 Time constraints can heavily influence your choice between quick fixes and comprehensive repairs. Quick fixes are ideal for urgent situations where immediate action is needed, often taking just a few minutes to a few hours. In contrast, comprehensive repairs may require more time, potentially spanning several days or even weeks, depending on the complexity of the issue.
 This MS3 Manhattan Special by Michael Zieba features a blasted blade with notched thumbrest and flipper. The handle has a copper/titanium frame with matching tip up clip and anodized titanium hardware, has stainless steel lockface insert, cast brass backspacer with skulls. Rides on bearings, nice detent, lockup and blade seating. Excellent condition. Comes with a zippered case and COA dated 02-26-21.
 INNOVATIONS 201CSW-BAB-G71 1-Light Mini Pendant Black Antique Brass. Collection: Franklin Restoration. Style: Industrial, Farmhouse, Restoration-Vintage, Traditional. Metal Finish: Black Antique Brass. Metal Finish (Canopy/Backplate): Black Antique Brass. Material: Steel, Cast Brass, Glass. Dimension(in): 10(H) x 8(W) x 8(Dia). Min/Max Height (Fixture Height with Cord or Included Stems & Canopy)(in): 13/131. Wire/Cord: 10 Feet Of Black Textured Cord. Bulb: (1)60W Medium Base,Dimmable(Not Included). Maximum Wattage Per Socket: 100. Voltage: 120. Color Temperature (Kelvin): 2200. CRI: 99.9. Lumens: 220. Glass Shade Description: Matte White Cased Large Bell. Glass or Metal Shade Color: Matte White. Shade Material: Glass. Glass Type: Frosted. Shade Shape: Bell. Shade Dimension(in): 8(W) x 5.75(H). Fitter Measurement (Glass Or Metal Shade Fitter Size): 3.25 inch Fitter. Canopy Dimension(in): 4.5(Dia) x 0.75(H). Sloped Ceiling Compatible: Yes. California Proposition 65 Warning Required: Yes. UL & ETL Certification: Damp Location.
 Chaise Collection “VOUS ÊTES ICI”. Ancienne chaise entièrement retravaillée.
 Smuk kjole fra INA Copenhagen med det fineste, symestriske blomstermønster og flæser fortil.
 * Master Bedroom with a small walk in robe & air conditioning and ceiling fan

...

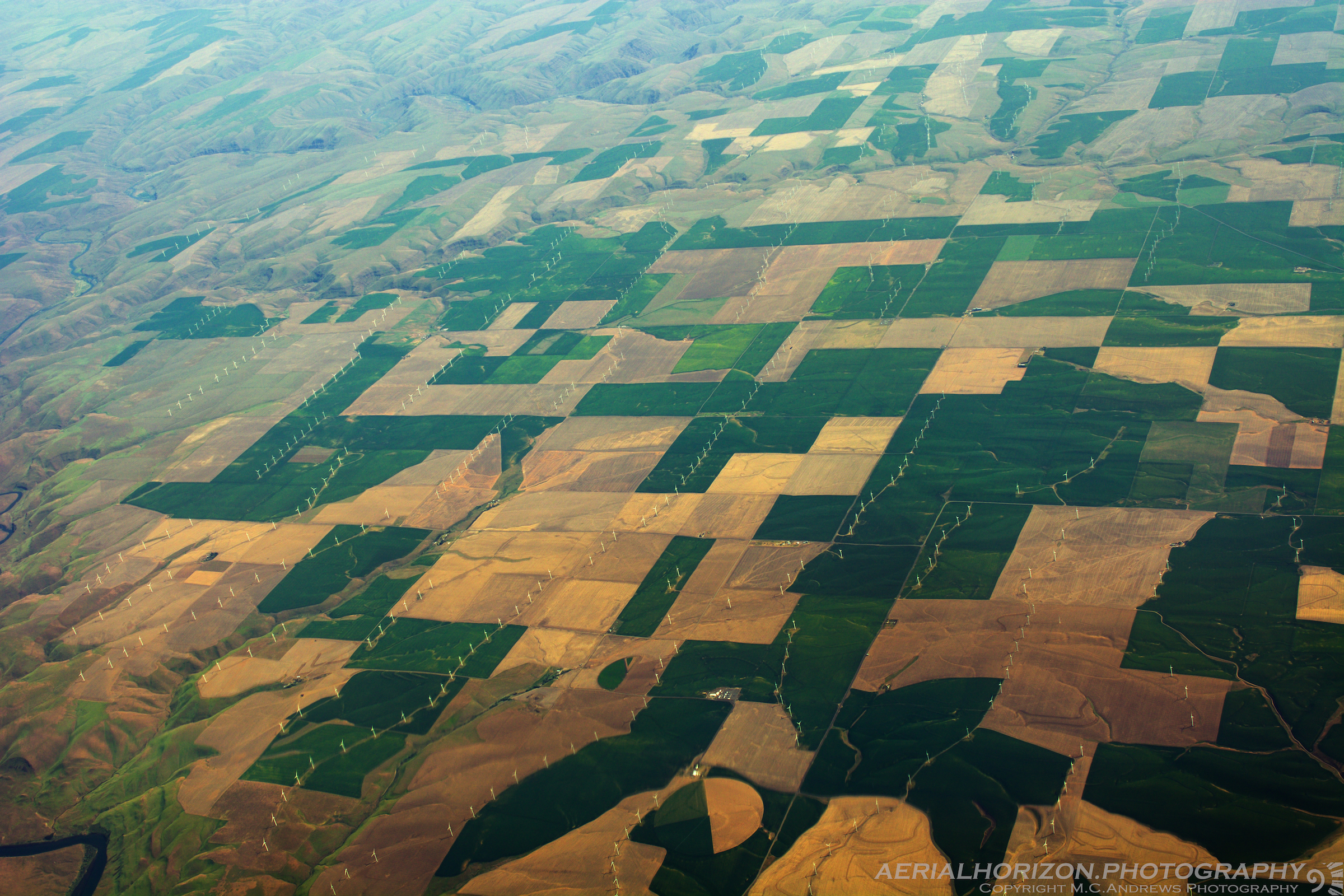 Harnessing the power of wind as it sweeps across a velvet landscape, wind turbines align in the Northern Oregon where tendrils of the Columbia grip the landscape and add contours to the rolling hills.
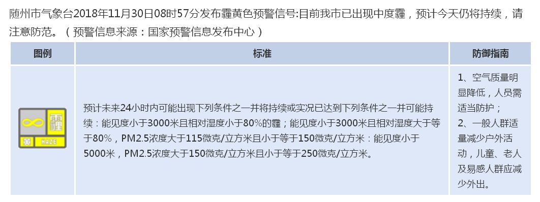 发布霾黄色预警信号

EXERCISE AIM: Everything in the material above from the line that has "chaise entièrement retravaillée." through the line that has "and ceiling fan" must be duplicated exactly, with no other lines given.

ANSWER SECTION:
 Chaise Collection “VOUS ÊTES ICI”. Ancienne chaise entièrement retravaillée.
 Smuk kjole fra INA Copenhagen med det fineste, symestriske blomstermønster og flæser fortil.
 * Master Bedroom with a small walk in robe & air conditioning and ceiling fan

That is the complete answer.